# how much does a european mount cost?



## jcmorgan31 (Nov 9, 2005)

I would guess $50 to $150 depending on the plaque. If you just want the skull back, I would guess in the $50 to $75 range. A simple single panel plaque, $75 to $100, and a pedestal style mounting panel around $100 to $150. I do all mine by soaking in water (maceration). Go to www.taxidermy.net and search their archives for maceration or european mounts. You can do it yourself pretty easily. Congrats and good luck.


----------



## bhohler (Sep 8, 2004)

Around here they cost $50 -$75 just for the skull. Add another $25 for a nice plaque and that shoulb be about what they cost.


----------



## JJudd (Jul 27, 2006)

I paid $125 w/o a plague. I was quoted $150 with. I have a friend who uses a guy that does the beetle method for around the same price.


----------



## SilentElk (Oct 6, 2004)

Seems to be about $100 around here for a deer boiled and more $150-$175 for the beetles. The beetles give a much better look of course.


----------



## Maybee-R (May 15, 2006)

You can buy a kit from Redhead, or Cabelas for around $56 dollars.
taxidermist out here want $120 to do it.


----------



## Lien2 (Aug 4, 2005)

$100 - $150 around here for a Euro.
I bought a kit at Cabela's for $20 and have done two now and they turned out great! I think I still have enough stuff left to do one more.
Takes about 6-7 hours from the time I plop the head down with the hide still on, till the time I am done spraying it with lacquer. It's a little gross and messy, but I don't mind it if I can save some $$$.  

Lien2


----------



## Bowfishen Sully (Jun 2, 2005)

*Mine are free !*

I cape all the bucks I want a Euro mount on and then trade the Taxidermist the cape for the work ! Taxidermist around here are always looking for extra capes !!!!!!!!!!!!!! Matter of fact I did the same thing on a moose european mount in Alaska , regular price $350.00 my price 50 bucks !


----------



## Idaho Dutch (Oct 6, 2006)

couple buckets of water and a bunch of time.


----------



## bwhnter4life (Jul 25, 2006)

A big fat $0. Wrap the antlers in chicken wire or some wire so the mice and squirrels cant eat your pretty antlers off then bury the skull. Few months be very purdy, just have to clean the dirt off or like the above post time and water. Or you could boil it your self. Out side fire and a pan.


----------



## ursonvs (Sep 19, 2003)

150 average go around here mounted on a plaque. I'm getting a antler repaired on mine plus i am mounting it on a old fence post i found on my gpa's property. told me 200 for everything but the price will change since i am not using hsi plaque. find out what it will finally cost when i get it.


----------



## EASTON94 (Jan 25, 2003)

http://www.skullmetallizing.com/

Here is a link to another cool option, as well as information no getting beetles for yourself....'94


----------



## Hopperton (Oct 30, 2005)

Why dont you do it yourself it is free?


----------



## FallVitals (Nov 7, 2004)

Hopperton said:


> Why dont you do it yourself it is free?

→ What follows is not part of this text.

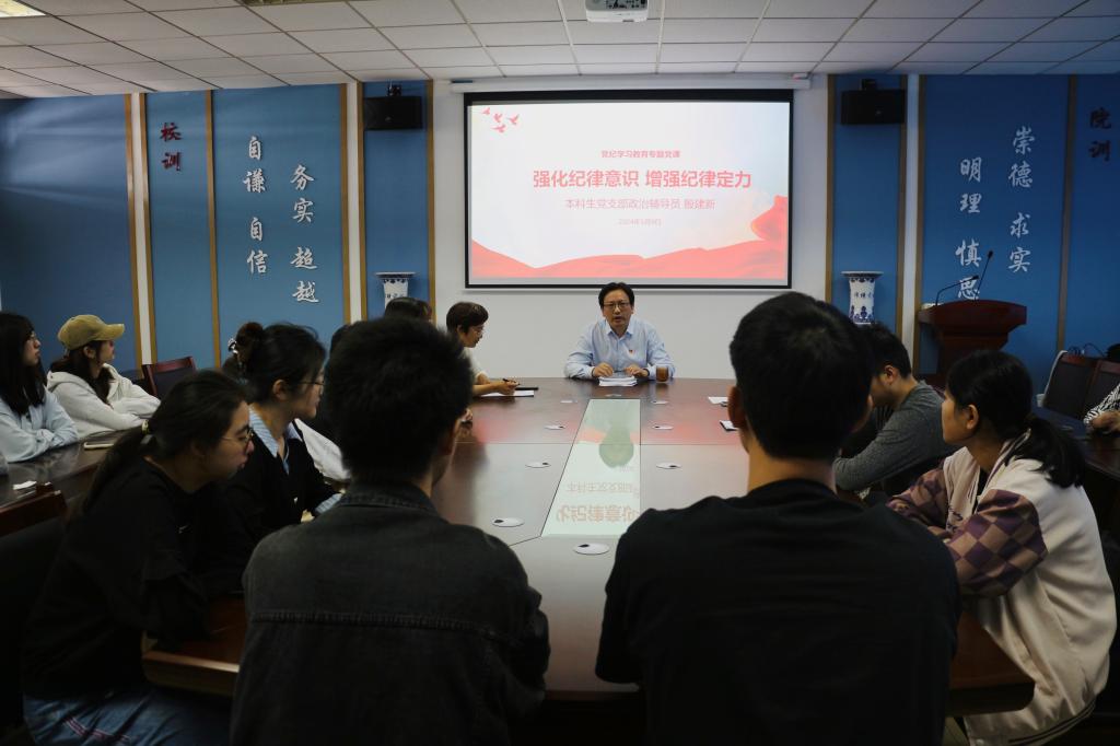 党委书记、本科生党支部政治辅导员殷建新在德业楼508会议室以“强化纪律意识 增强纪律定力”为主题讲授党纪学习教育专题党课,本科生党支部全体党员参加了党课学习。
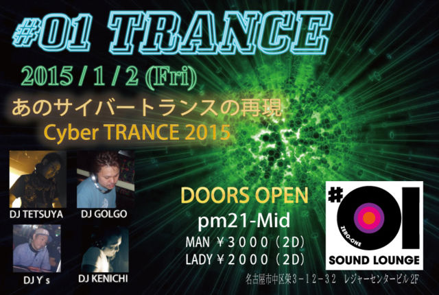 管理人様 告知失礼いたします。 「#01 TRANCE」 あのサイバートランスの再現! CYBER TRANCE 2015 2001年に一大ブームを巻き起こしたCyber TRANCE 今も根強い人気を誇る中、今回はその再現イベント をZERO ONEで開催! SPACIAL GUESUには、六本木VELFARRE、そして現在も agehaで開催されるCyber TRANCEでも活躍する "DJ TETUYA"がSPIN! そして名古屋から、"DJ GOLGO(XLR) 1987年〜ダンスホール、88年〜ペントハウス、 ペン2ハウス、89年〜DION、93年〜名古屋KING&QUEEN、 95年東京へ〜六本木VELFARREレジデン

I said i tryed to do one last year and it didn't work out too well for me. and if it wasnt that expensive, id have a local taxidermist do it. but if its outragous ill do it myself. 

I know these guys have to make a living, but like over $100 to let some beetles eat n a skull is rediculous. Ill do it myself for that price.

that was the point of me aksing here, to see how much the going rate is to see if im gonna have a taxidermist do it, or try it again myself. (cause the first time i tryed to do a european mount didn't work out well for me)



thanks for the info guys!


----------



## deermasher (Apr 10, 2003)

i charge $75.00 plus tax for just the skull. if you want a plak then it's what ever the cost for me is the cost for you ............


----------



## toad400 (Dec 11, 2004)

Here a a few links that might help you out. I was going to get some beetles to do mine this year but the more I got to reading about the maintenance of them I decided against it. It is not just as simple as throwing a meaty scull into the beetles, You must clean it as much as possible and take the brains out also. I read that the brains and some other parts can kill the beetles. 
Also I read theat there are many small mites that prey on the beetles and you have to keep the humidity just correct or they will show up and ruin your beetles. If the beetles get froze they will die. You should keep the beetle colony 80 degrees so you would need a heat lamp.
Because of these reasons I decided against buying the beetles. It looks like from the link you have to spend good money to get a good colony already ready to feast. 
Check these links out for more info on european mounts and the beetles

http://www.skulltaxidermy.com/kits.html
http://order.matuskataxidermy.com/default.aspx
http://www.bowhunting.net/taxidermy/europeanskull.html (this is what I am going to try)


----------



## the3dnut (May 20, 2006)

here in central texas around a 100 dollars no board


----------



## EASTON94 (Jan 25, 2003)

Yeah Jackedup20 that metalizing is WAY cool, but almost as much as getting one mounted!! One of these days I will have one though, conversation piece!! '94


----------



## minnow (Mar 2, 2006)

Whoa! that metalized mount would look really cool with a night light in the brain cavity to make the eye sockets light up!


----------



## steveo19 (Oct 5, 2005)

35-50$ depending on board and engraving


----------